Part 1: Mark Driscoll
Part 2: John Burke
Part 3: Dan Kimball
Part 4: Doug Pagitt
Doug Pagitt: Embodied Theology
Doug’s chapter was probably one of the strongest in the book I thought. I loved reading Driscoll’s critique of Doug’s chapter: “I find Doug’s chapter the most difficult to respond to…we were assigned to articulate our views on the Trinity, the atonement, and Scripture, and having read Doug’s chapter, I remain uncertain of his position on these issues” (144). Perhaps that’s because Doug is not out to create answers, or to give a cohesive, biblicist response to these theological issues…
Doug has some great quotes in this chapter. Here are some of my favorites:
“Because theology is connected to real life, answering particular questions, concerns and opportunities of the day, it will be ever-changing. If it is not so, then it may well not be theology – it may be dogma, history, or a collection of random facts, but not theology. Theology is the living understanding of the story of God in play with the story of our lives” (121).

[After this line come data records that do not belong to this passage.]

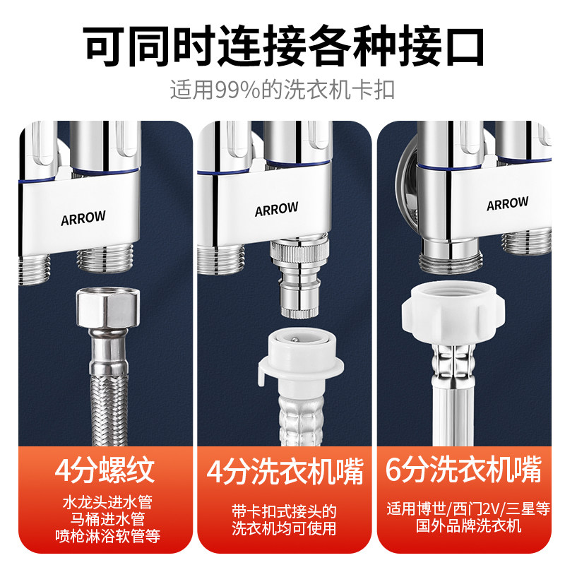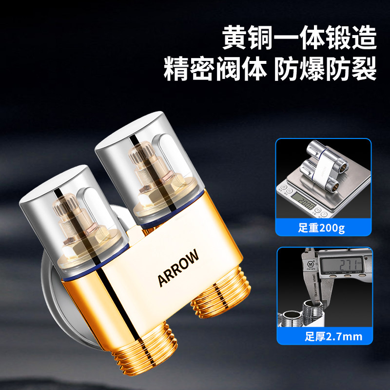 箭牌一进二出角阀全铜三通分水阀热水器家用马桶洗衣机开关水龙头
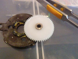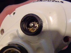 で、ベアリングはずしたら、ピニオンギアが見えました。
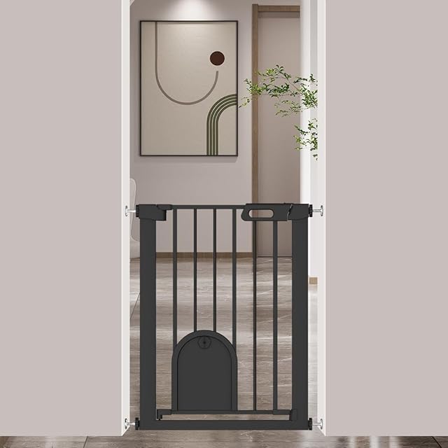 Fairy Baby ベビーゲート ペットドア付き 取付幅61-68CM 猫 犬 ゲート 高さ76cm ベビーフェンス 突っ張り式 ダブルロック 自動閉鎖 両開き扉 赤ちゃんゲート ベビーガード 玄関 階段 拡張フレーム付き ブラック
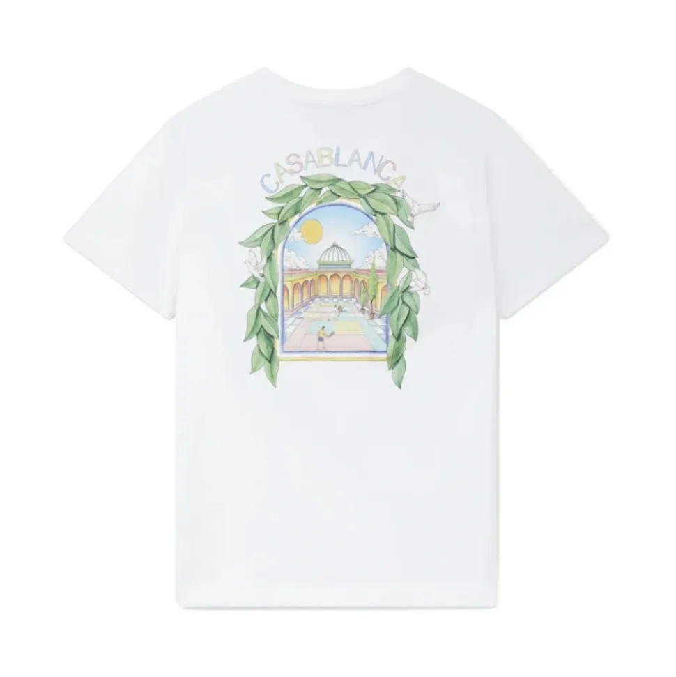 Forkæl din afslappede stil med denne hvide Casablanca ‘L’Arche De Tennis’ kortærmede t-shirt. Lavet af 100% bomuld, den har en trykt grafik på brystet og ryggen, klassisk ribbet halsudskæring og en afslappet pasform.
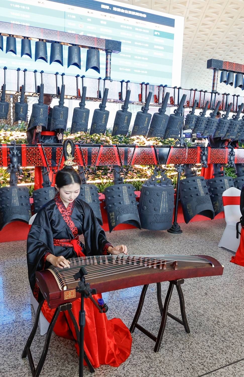 武汉天河机场举办主题为“展示荆楚文化 共绘人文空港”的编钟乐舞音乐会。(湖北日报全媒记者 倪娜 通讯员 杨钻 张蒙 摄)
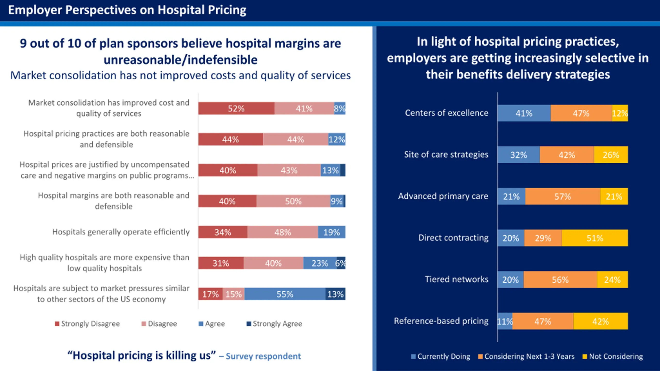 Employer Perspectives on Hospital Pricing In light of hospital pricing practices, employers are getting increasingly selective in their benefits delivery strategies 9 out of 10 of plan sponsors believe hospital margins are unreasonable/indefensible Market consolidation has not improved costs and quality of services Market consolidation has improved cost and quality of services 52% 41% 8% Centers of excellence 41% 47% 12% Hospital pricing practices are both reasonable and defensible 44% 44% 12% Site of care strategies 32% 42% 26% Hospital prices are justified by uncompensated care and negative margins on public programs 40% 43% 13% Hospital margins are both reasonable and defensible Advanced primary care 21% 57% 21% 40% 50% 9% Hospitals generally operate efficiently 34% 48% 19% Direct contracting 20% 29% 51% High quality hospitals are more expensive than low quality hospitals 31% 40% 23% 6% Tiered networks 20% 56% 24% Hospitals are subject to market pressures similar to other sectors of the US economy 17% 15% 55% 13% Reference-based pricing 11% 47% 42% Strongly Disagree Disagree Agree Strongly Agree Hospital pricing is killing us Survey respondent Currently Doing Considering Next 1-3 Years Not Considering
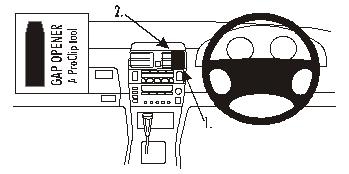 2. Das mit Nut versehene untere Ende des ProClip in den Spalt neben den "Gap Opener" drücken. So lange drücken, bis ein Einrasten zu hören/fühlen ist. Den "Gap Opener" herausziehen.
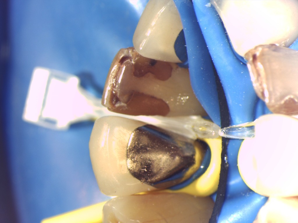 隔壁を固定するためにWejets、バイタインリングを使っています。唾液・湿気を防ぐためラバーダムも必須です。マイクロスコープがなかったら出来ない治療です。

“I think it is worth saying again that theology is not the same as the story of God. Far too often, in my opinion, this becomes an issue, and when one disagrees with our theology, we can too easily assume they have abandoned Scripture or the story of God. Theology is explanatory – answering certain questions or addressing certain issues. But it must never be confused with the life of God or the story of God” (123).
These two quotes play into his definitions of theology later in the chapter as being temporary, evolving, participatory, calling for an integrated holism and one that pursues the rhythm of God. Pagitt is also in agreement with Kimball as to the role of the community to be actively involved with theology. If you’ve heard Doug speak recently, you’ve certainly heard him use the phrase, “cauldrons of theological imagination.” That’s his new shtick. And it’s a good one. Here is a paragraph from his chapter:
“We are called to be communities that are cauldrons of theological imagination, not ‘authorized re-staters’ of past ideas. What we have in our communities are not simply people who need to have the gospel applied to their lives, but people who need to know their situation and what the Good News of God means for them. So our job as leaders of communities is not simply to apply the well-founded answers of previous generations’ questions or assumptions to the lives of our people, but rather to guide, extract, and join with the hopes and aspirations deeply embedded by God in the lives of our people” (127).
This is important especially for those of us who are involved in mainline denominations. We are called to be imaginative, theologically, I think. Is it enough to simply tell people what Calvin, Luther or Wesley came up with, theologically? Sure there may have been some similar issues in their day as we currently experience, but we live in vastly different worlds, and we may have questions that they never even would have thought of. I’m with Doug – it’s not enough to simply re-state what we learn in our Systematic Theology courses in seminary, nor is it enough to simply teach people what we find in our Book of Confessions – but we need to be encouraging and calling people to their own theological imaginings. Does that mean that it’s a theological free-for-all? Perhaps. Or maybe not. But does it matter? Does it matter if our congregations are theological-free-for-alls if they are seeking out the rhythm of God and ways in which the story of God and their individual and communal stories interact?